-
Re: What is the difference between a float2 and a packed_float2?
mhorga Sep 26, 2016 12:15 AM (in response to btipling)a packed type guarantees you that all those floats are next to each other in adjacent memory locations so the result is always the one you would expect. on the other hand saving one float at a time (not packed) might or might not end up having them in adjacent locations in memory so it is always a safe bet to go with the packed types because they never contain padding (unused bytes) between two stored locations. padding usually happens when the types do not fully align (eg. float3 does leave unused space for an extra float). also, performance-wise, it is always better to do as few reads/writes as possible, so one 8B read is usually preferred to 2 x 4B reads from memory.
-
Re: What is the difference between a float2 and a packed_float2?
MikeAlpha Sep 26, 2016 1:33 AM (in response to btipling)It seems to me that Metal compiler follows standard C structure layout procedures, and therefore, all one needs to know is type size and alignment.

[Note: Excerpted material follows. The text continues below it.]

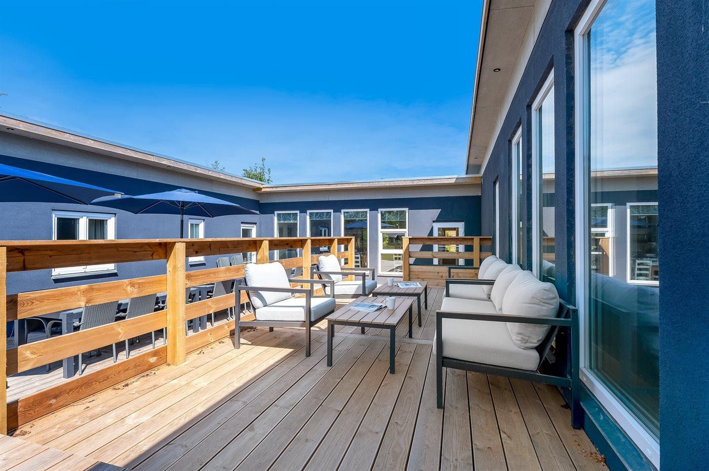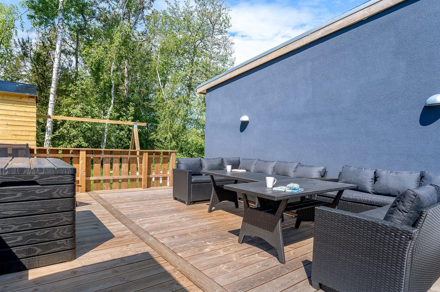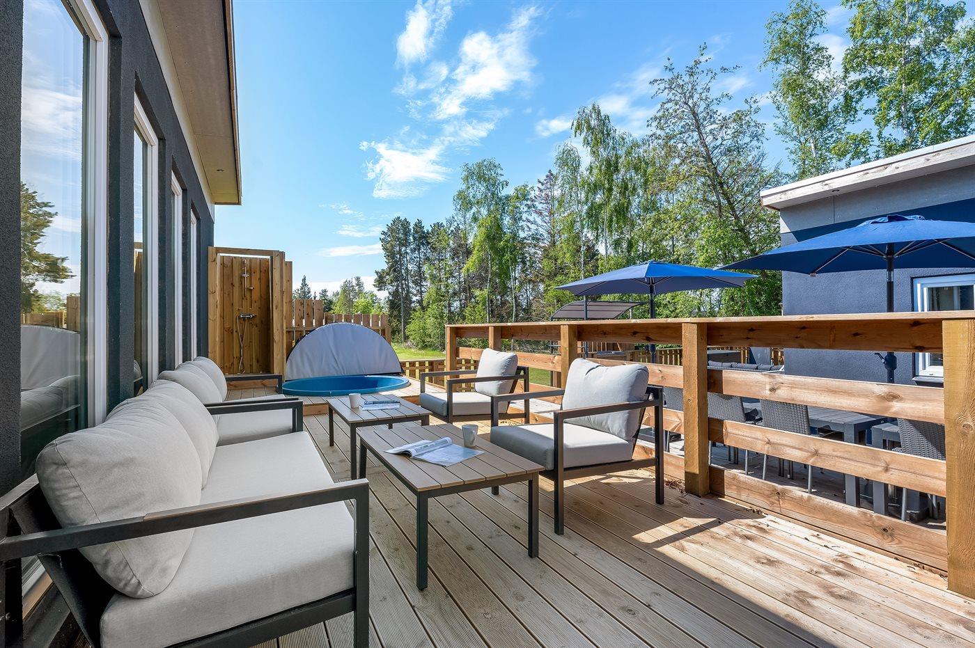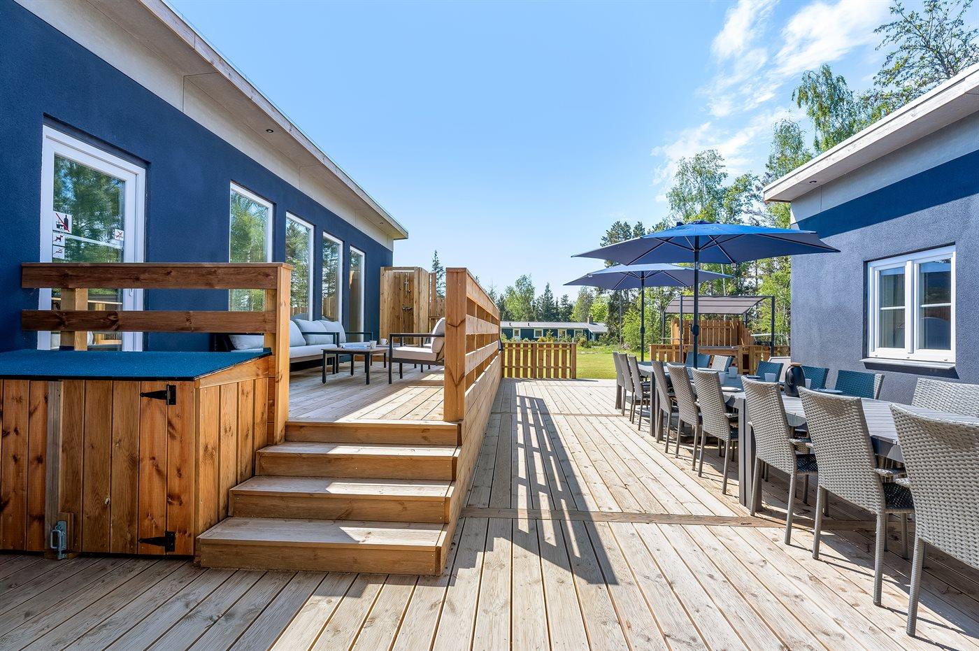 Udendørs. Der en 140 m2 stor træterrasse, der forbinder huset, poolhuset og haven. På terrassen er der et langt bord til 22 personer, der er loungemøbler, et nedbygget vildmarkskar som bliver fyldt med vand inde fra poolen, herefter starter en varmepumpe og varmer vandet op til 38 grader. Endvidere findes der en stor, dejlig grill på terrassen. Bag ved huset finder man en 9-huls minigolfbane. Der er desuden en stor, dejlig græsplæne med mulighed for forskellige boldspil, og et legeområde for mindre børn.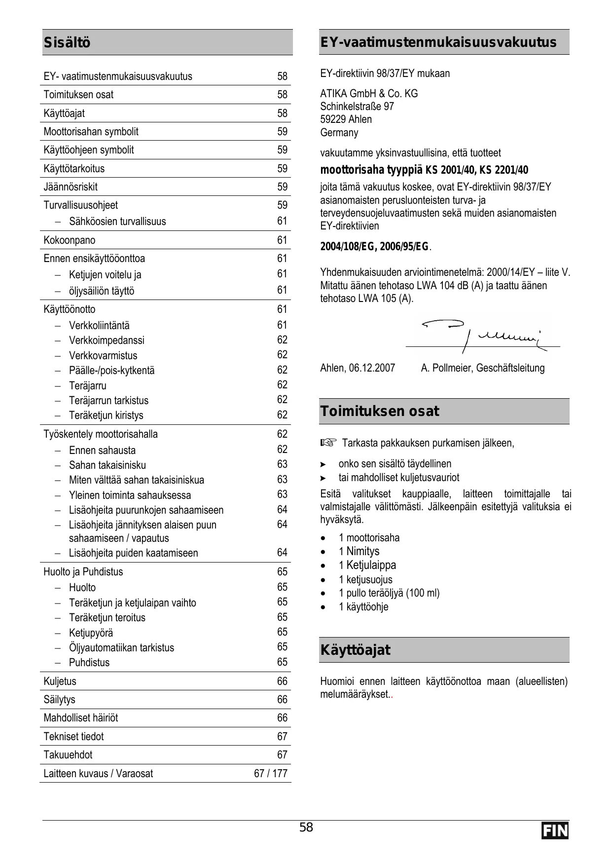 KS 2201 - Moottorisaha ATIKA - Ilmainen käyttöohje ja opas

It would be easier if you had posted your exact structs, but my guess is that you're doing something like:
struct Example0 {
float singleFloat;
float2 doubleFloats;
};
vs
struct Example1 {
float single;
packed_float2 doubleFloats;
};
Now we have sizeof( float2 ) == sizeof( packed_float2 ) == 8 bytes. But alignment of float2 is 8 != alignment of packed_float2 which is 4. Therefore, Example0 in memory looks like this:
offset 0: singleFloat
offset 4: four padding bytes inserted by compiler because float2's alignment is 8
offset 8: first float of float2
offset 12: second float of float2
And sizeof( Example0 ) will be 16 bytes
Example1 is different:
offset0: singleFloat
offset4: first float of packed_float2 (because it is 4-aligned)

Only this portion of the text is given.